10月1日

投稿日: 2010/09/30 18:21:47

2年生のある時期、私は実は同棲をしていた。

決してどちらかが言い出して始めた事ではない。

気づいた時には一緒になっていた。

それは極々自然な成り行きだった。

彼女は色白で――上手い表現が見つからないが――少しフワフワしていて、私は密かに綿あめみたいな子だ、と思っていた。

そして、無口な所があったり、他を寄せ付けないというか、人を選ぶというかそんな独特の雰囲気があった。

私はそれがもの珍しくかったのかすぐに彼女に夢中になった。

私は毎日彼女を眺めて過ごした。

会話など無くとも心の何処かで通じ合っている、そんな気がしていた。

そう、重要な事を記し忘れていた。

彼女はニートのような生活をしていて、学生でもなければ働いている訳でもなかった。

更に彼女には身寄りがなかった。

そういった事もあってか、周囲の人は皆、私達の関係について反対した。

正確には唯一人の親友を除いて、皆が反対した。

確かに、私だって周りに同じ境遇の人がいれば同じ様に反応しているだろう。

ただ、利用されているだけだろう、とか、追いだしてしまえ、等と言うのは言い過ぎだろうと思った。

寄生されているようなものだ、と言われた時にはショックを通り越して流石に笑ってしまった。

初めのうちはそういった友人の言葉はありがたいと思っていたし、上手くかわし続けていた。

しかしながら、正直私は彼女に惹かれているとは断言できなかった。

彼女を大切にしたいという気持ちは間違いなくあったが、もしかしたらそれは単なる同情心だったのかもしれない。

私がこんな曖昧な態度であったためか、それとも単に忙しくなり余裕を失ったためか、幾度も諭されるうち私は段々彼女といる事が重荷になってきてしまった。

一方で彼女は私の気苦労を知る由も無く、(少し太ったが)相変わらずの日々を送っていた。

疲れていた私にはその能天気さが許せなくて、少しずつ彼女を邪険に扱うようになっていった。

私は意識的に家をよく空けるようになり、漫画喫茶で一夜を明かすというような日も多くなった。

しまいには目を合わす事さえ殆どしなくなった。

今思えば彼女は寂しそうにしていたが、それさえ当時の私には気にならなくなってしまった。

そんなある日、彼女はハイターを飲んで死んだ。

詳細は伏せるが、私が殺したようなものである。

彼女には私以外に頼るものがなかった。

私が殺した。私が。

不思議な事に、悲しいとは感じなかった。

それどころか、心のどこかで清々しさを感じている事に気づき、私は私の中に宿る狂気に戦慄した。
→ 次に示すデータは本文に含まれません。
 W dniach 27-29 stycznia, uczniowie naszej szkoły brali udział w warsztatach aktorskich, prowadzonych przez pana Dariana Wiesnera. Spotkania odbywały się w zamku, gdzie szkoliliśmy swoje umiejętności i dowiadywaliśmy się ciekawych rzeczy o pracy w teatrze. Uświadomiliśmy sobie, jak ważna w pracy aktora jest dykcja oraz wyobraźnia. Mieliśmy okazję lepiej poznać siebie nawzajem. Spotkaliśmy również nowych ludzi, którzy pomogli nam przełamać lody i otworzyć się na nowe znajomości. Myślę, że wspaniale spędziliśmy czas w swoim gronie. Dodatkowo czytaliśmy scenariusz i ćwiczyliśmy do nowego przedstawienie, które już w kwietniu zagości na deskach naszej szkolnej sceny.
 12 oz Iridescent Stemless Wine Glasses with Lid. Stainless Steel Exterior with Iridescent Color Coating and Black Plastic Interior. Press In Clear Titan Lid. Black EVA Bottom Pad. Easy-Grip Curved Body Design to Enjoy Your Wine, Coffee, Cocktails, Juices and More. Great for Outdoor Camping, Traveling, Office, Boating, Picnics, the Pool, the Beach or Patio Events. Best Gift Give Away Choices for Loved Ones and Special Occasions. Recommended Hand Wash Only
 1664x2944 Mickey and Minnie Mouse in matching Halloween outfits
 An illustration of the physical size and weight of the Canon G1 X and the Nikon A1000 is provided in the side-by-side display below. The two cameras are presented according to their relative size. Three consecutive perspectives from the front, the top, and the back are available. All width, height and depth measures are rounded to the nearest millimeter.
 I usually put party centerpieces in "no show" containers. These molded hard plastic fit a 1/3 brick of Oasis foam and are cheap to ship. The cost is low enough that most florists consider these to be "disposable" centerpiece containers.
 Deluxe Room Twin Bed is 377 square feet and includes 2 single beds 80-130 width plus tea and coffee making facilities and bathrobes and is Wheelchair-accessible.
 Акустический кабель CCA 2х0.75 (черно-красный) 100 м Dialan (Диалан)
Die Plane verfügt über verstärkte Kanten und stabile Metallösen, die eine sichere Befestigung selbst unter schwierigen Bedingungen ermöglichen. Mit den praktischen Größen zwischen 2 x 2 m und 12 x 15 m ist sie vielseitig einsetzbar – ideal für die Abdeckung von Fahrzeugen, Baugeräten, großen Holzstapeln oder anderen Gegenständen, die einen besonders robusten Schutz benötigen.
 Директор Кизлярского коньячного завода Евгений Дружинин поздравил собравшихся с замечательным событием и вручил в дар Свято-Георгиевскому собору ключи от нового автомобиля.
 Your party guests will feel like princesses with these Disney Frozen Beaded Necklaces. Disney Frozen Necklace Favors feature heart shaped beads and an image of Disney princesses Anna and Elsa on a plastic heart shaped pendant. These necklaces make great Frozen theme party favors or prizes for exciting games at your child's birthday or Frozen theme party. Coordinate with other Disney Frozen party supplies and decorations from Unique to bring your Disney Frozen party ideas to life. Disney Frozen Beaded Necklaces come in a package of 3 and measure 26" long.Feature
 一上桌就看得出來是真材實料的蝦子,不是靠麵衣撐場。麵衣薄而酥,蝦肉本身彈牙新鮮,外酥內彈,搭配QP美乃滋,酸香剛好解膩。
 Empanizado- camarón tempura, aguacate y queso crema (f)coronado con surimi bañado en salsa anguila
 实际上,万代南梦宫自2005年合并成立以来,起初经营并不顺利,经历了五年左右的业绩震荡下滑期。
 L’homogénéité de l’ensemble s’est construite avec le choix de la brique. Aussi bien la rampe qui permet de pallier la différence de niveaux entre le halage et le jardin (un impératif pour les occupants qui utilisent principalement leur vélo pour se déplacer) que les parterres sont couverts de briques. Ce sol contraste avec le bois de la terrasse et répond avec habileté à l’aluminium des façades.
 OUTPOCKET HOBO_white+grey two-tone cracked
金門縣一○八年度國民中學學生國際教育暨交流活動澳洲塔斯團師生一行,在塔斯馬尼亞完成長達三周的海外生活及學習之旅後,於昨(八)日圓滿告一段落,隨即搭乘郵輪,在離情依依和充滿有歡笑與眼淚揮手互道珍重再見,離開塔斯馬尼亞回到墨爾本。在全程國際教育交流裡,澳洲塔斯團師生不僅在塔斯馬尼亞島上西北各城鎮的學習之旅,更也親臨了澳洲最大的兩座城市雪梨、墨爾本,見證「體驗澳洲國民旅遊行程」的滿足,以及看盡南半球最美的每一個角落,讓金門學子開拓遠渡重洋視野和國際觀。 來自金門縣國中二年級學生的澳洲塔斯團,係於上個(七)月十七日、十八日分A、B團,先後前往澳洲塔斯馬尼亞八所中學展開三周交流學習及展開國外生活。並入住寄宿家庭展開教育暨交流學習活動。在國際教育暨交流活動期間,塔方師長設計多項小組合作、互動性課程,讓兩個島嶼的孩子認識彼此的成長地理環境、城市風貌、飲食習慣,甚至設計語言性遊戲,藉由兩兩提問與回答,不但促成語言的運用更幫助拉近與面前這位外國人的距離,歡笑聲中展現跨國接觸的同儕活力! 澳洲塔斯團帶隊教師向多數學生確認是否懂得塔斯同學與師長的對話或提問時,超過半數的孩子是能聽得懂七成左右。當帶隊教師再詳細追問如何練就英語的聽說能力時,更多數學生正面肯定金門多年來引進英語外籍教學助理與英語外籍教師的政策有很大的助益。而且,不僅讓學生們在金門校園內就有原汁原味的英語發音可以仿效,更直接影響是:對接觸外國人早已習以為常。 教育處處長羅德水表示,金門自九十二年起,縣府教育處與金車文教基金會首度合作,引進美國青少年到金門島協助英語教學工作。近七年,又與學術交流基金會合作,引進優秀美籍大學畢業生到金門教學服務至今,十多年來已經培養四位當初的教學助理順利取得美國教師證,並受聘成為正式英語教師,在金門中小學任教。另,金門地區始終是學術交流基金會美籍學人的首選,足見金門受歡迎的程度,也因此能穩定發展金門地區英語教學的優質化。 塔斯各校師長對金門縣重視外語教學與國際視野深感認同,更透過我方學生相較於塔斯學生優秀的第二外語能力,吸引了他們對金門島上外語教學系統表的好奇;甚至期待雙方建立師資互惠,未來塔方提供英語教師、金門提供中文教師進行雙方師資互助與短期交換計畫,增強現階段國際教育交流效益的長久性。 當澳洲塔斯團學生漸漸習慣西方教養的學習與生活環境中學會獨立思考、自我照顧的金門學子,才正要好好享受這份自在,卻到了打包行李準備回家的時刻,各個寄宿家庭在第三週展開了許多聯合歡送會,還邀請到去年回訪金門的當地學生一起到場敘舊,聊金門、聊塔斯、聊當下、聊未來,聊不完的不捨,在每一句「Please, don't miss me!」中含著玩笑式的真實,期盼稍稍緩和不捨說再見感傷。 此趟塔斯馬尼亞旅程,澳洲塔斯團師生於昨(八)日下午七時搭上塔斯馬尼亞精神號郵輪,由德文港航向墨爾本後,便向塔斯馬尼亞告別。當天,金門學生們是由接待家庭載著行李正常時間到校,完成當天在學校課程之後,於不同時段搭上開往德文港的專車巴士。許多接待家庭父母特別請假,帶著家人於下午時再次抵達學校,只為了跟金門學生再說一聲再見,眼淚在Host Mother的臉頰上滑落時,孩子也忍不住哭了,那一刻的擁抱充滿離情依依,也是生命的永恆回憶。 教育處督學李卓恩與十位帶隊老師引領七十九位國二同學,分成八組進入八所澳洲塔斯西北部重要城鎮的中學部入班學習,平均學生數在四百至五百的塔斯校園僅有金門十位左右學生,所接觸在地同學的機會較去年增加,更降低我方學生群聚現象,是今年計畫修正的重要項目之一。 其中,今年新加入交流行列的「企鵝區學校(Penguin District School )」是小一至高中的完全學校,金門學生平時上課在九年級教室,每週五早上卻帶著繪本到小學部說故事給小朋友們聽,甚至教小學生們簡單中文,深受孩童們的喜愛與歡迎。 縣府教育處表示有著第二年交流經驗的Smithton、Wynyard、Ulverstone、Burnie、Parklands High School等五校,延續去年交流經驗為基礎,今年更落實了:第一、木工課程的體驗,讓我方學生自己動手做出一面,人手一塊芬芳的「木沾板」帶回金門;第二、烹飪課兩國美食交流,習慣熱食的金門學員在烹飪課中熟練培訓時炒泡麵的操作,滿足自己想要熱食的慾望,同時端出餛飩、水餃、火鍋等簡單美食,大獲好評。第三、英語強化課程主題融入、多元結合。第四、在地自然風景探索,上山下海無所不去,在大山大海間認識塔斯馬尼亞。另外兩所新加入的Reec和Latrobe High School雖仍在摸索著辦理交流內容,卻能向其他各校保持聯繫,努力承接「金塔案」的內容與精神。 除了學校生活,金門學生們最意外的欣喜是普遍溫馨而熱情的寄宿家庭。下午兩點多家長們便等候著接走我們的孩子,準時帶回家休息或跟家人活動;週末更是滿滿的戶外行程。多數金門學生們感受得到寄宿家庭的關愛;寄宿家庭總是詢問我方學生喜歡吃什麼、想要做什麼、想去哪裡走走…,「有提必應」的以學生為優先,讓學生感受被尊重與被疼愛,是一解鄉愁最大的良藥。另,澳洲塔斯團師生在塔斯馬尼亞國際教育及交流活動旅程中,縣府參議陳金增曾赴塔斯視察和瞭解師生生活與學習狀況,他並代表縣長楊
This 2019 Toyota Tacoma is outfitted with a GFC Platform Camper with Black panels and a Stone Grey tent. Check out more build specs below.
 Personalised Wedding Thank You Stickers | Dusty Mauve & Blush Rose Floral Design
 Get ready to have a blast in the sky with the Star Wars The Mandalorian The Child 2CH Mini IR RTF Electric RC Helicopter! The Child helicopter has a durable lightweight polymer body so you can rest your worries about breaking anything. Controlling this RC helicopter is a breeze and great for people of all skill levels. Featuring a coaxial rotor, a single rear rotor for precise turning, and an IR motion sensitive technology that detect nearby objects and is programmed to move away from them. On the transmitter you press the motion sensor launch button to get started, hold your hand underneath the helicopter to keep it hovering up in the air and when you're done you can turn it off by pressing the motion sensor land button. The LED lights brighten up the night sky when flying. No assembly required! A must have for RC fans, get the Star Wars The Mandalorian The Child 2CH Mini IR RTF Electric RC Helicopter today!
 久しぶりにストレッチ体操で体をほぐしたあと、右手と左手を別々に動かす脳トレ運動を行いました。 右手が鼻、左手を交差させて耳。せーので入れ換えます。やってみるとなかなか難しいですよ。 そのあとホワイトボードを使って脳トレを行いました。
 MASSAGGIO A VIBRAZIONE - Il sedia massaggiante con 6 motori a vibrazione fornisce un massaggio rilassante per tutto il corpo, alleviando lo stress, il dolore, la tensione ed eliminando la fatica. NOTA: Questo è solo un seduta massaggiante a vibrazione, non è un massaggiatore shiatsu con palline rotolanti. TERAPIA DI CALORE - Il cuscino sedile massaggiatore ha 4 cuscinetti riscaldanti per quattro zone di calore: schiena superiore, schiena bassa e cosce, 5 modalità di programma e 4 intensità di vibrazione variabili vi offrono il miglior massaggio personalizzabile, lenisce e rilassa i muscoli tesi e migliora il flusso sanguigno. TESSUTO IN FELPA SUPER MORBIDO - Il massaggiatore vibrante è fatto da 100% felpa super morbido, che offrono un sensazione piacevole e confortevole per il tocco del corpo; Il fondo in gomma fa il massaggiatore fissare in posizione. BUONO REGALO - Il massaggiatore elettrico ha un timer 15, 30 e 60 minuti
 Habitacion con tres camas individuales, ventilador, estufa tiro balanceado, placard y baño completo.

彼女の死は特に何処かに大きく取り上げられるような事もなく処理された。

葬式を上げるような事もなければ、墓すら作られなかった。

彼女の生きた痕跡は、私の中以外のどこかに残っているだろうか。

ふとそう思った瞬間、後悔と自責の念が猛烈に込み上げた。

その後暫く私の精神は抜け殻のような状態であったが、時の流れとともに少しずつ回復し、いつしか依然通りの生活を送るようになった。

彼女との思い出はそっと胸の奥へと封印して。

そして時は流れ現在――

チーバくんで言う所の鼻の先、ここ柏の地にて、期せずして私は偶然彼女と再会してしまった。

勿論彼女とは全くの別人なのだが、彼女の持つ独特の雰囲気は正に瓜二つだった。

出会った刹那、私は誓った。

もう二度と過ちは繰り返すまい、と。

それが失われてしまった彼女への贖罪になると考えた訳ではない。

ただ今を生きる彼女を失いたくないと心から思ったのだ。

そして今回は単に眺めるだけではなく、積極的に育てる事にした。

液体状の培地を作ってその中に無理やり沈め、約40℃の恒温槽で48時間撹拌する。

すると持ち味のフワフワ感は失われてしまい、まるで鼻水のようになってしまうが、体重はものすごく増えてそれはそれで魅力的である。